Furthermore, as the display means 13, it is also possible to use a CRT.

[Effects of the Invention] As explained above, according to the present invention, diagnosis is made using the tapping sound signal from which the tapping sound at the moment of tapping is removed by the gate circuit, so real-time processing is possible and rapid processing is possible. Diagnosis possible. Furthermore, highly reliable diagnostic results can be obtained even at depths of 201 m or more. Moreover, the apparatus for carrying out this method has a simple structure, can be made compact, and can be easily used without requiring special knowledge or experience.

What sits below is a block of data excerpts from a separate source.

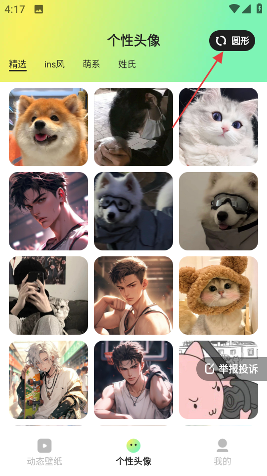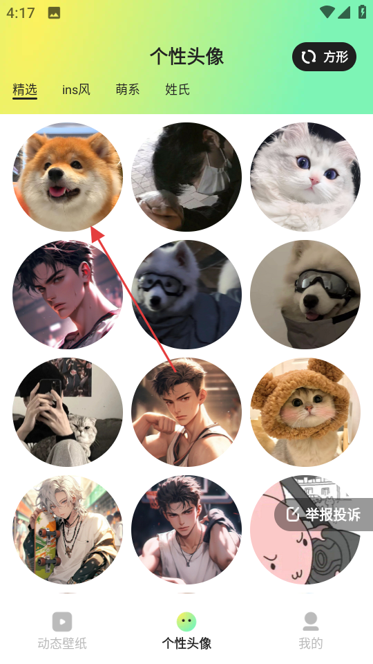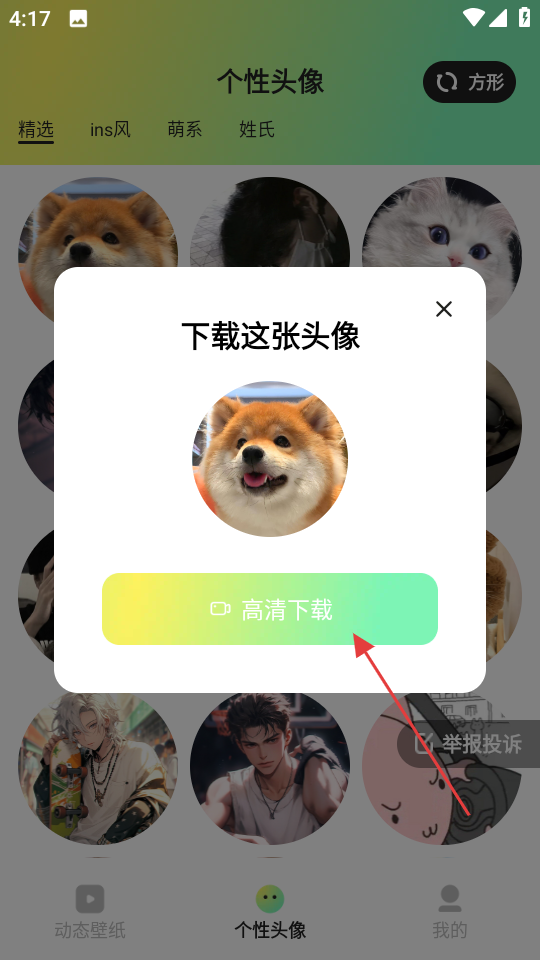 3、在圓形頭像列表中,點擊心儀的頭像,彈出下載提示框。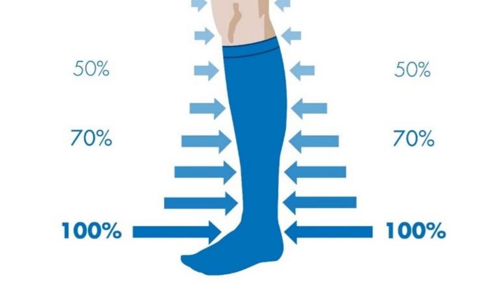 彈性襪的原理是由下而上遞減壓力,腳踝施加較大壓力、小腿施加較小壓力,幫助血液由下肢順利回流心臟。不過彈性襪也非人人適用,特別是糖尿病、末梢血管疾病或皮膚病變者,若壓力錯誤反可能引發傷害。建議穿著前先諮詢家庭醫學、心臟科或血管外科醫師評估是否適合。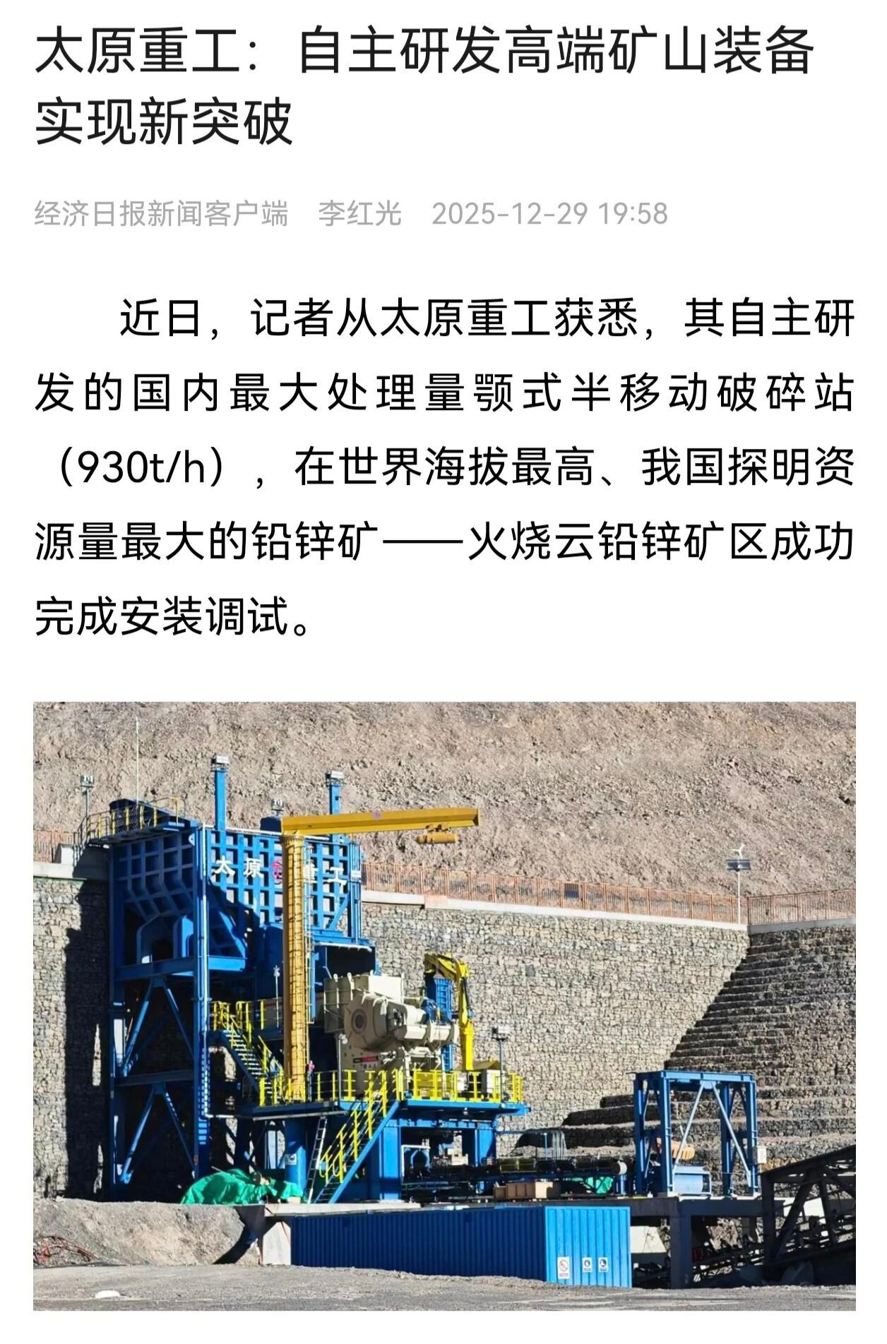 近日,经济日报刊发《太原重工:自主研发高端矿山装备实现新突破》文章,聚焦太重自主研发制造的国内最大930t/h颚式半移动破碎站。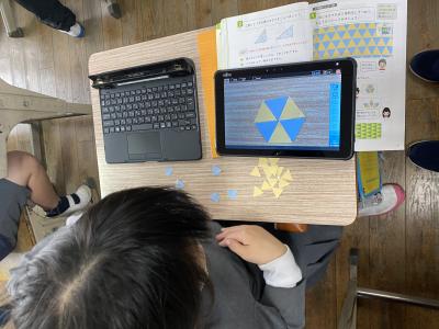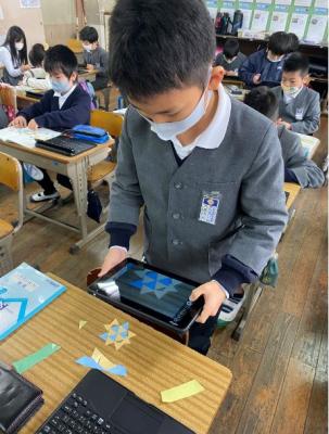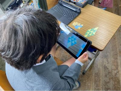 その後、できた形をタブレットで写真に撮り、みんなに紹介しました。
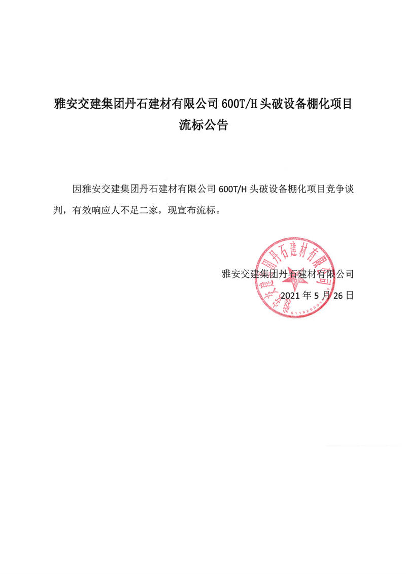 雅安交建集團丹石建材有限公司600T/H頭破設(shè)備棚化項目流標公告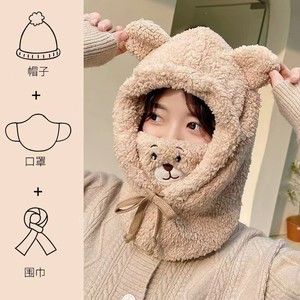 小熊毛绒帽口罩帽子围巾一体冬天女骑车防寒保暖帽子女秋冬套头帽
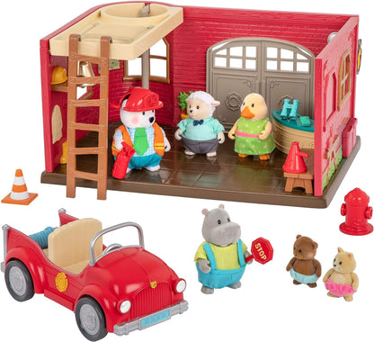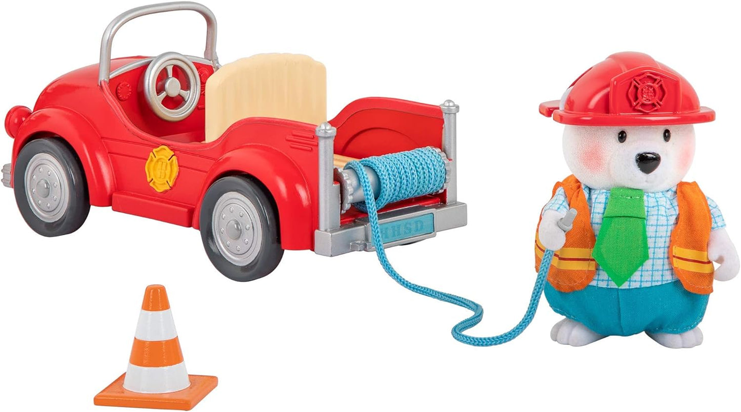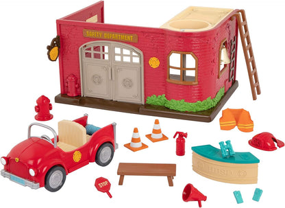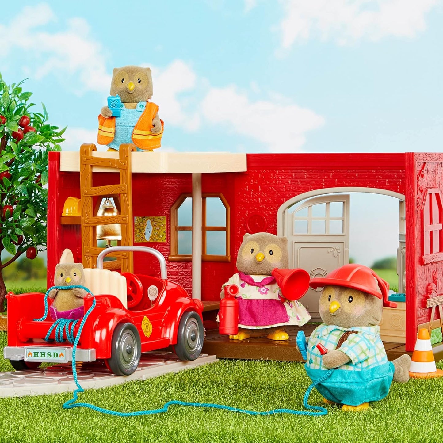 - Playset do Corpo de Bombeiros: Li’l Woodzeez Honeysuckle Hollow Safety Department com caminhão de bombeiros e acessórios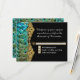 Matching RSVP Response Card. Very Glamourous, gold glitter look Art Deco frame with collaged peacock feathers and peacocks. A wonderful mix of old world style and bold, colourful modern graphic design. NOTE: This is a flat printed image, there is no gold metallic glitter elements. This wedding collection was inspired by Old Hollywood and her heyday glam era. A wedding invitation set that is perfect for elegant, sophisticated, modern formal or black tie events and wedding celebrations. A classic, beautiful swirling scroll flourish etchings in rich teal and aqua are part of a collage background that sets off the lone peacock who looks back over his shoulder to the invitation text. On the reverse side a simple, solid black colour - you may select any colour you wish from the background colour menu. A traditional text layout for your invite wording and information completes this vintage retro design. A gorgeous, unique and pretty design for Indian weddings, and the most discriminating bride.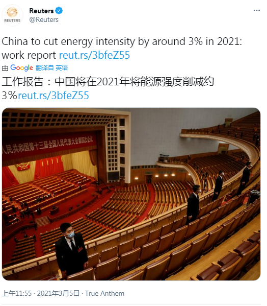 圖為兩會(huì)上的環(huán)保話題備受外媒矚目。路透社在推文中寫道,中國(guó)2021年發(fā)展主要預(yù)期目標(biāo):?jiǎn)挝粐?guó)內(nèi)生產(chǎn)總值能耗降低3%左右

[Brief explanation of the drawing]

FIG. 1 is a graph showing the attenuation characteristics of the striking sound waveform of a sound tile, FIG. 2 is a graph showing the attenuation characteristic of the striking sound waveform of a peeled-off tile, FIG. 3 is a block diagram of an apparatus for implementing the present invention, and FIG. Figure 5 is a graph schematically showing the sound waveform of a sound tile and a sound waveform of a peeling tile produced by the apparatus shown in Fig. 3, respectively, and Fig. 6 is a graph showing the passage characteristics of the gate circuit in the apparatus shown in Fig. 3. Graphs showing an example, Figures 7 and 8 are graphs schematically showing the striking waveforms after passing through the same gate circuit, respectively. Figure 7 is for a healthy tile, and Figure 8 is for a peeling tile. It is. Fig. 9 is a graph showing another example of the passage characteristics of the gate circuit in the device shown in Fig. 3, Fig. 1O is a graph showing the striking waveform of a healthy tile that has passed through the gate circuit, and Fig. 11 is a graph showing another example of the passing characteristics of the gate circuit in the device shown in Fig. 3. It is a graph showing a striking sound waveform of. 3 is a diagnostic device, 4 is a hammer, 5 is a hammer drive circuit,
6 is a drive signal generation circuit, 7 is a microphone, 8 is an amplifier circuit, 9 is a filter circuit, 10 is a gate circuit, 11 is a trigger generation circuit, 12 is a judgment circuit, and 13 is a display circuit.

Claims (1)

[Claims] The finished surface of the building is tapped, the echo sound of the tapping is converted into a tapping sound signal, and then the highest level value of the tapping sound signal excluding the moment of hitting and the time series signal of the tapping sound excluding the moment of hitting are calculated. A method for diagnosing peeling of a finished surface of a building, wherein peeling on the finished surface of the building is determined by comparing at least one of an integral value and a reference value.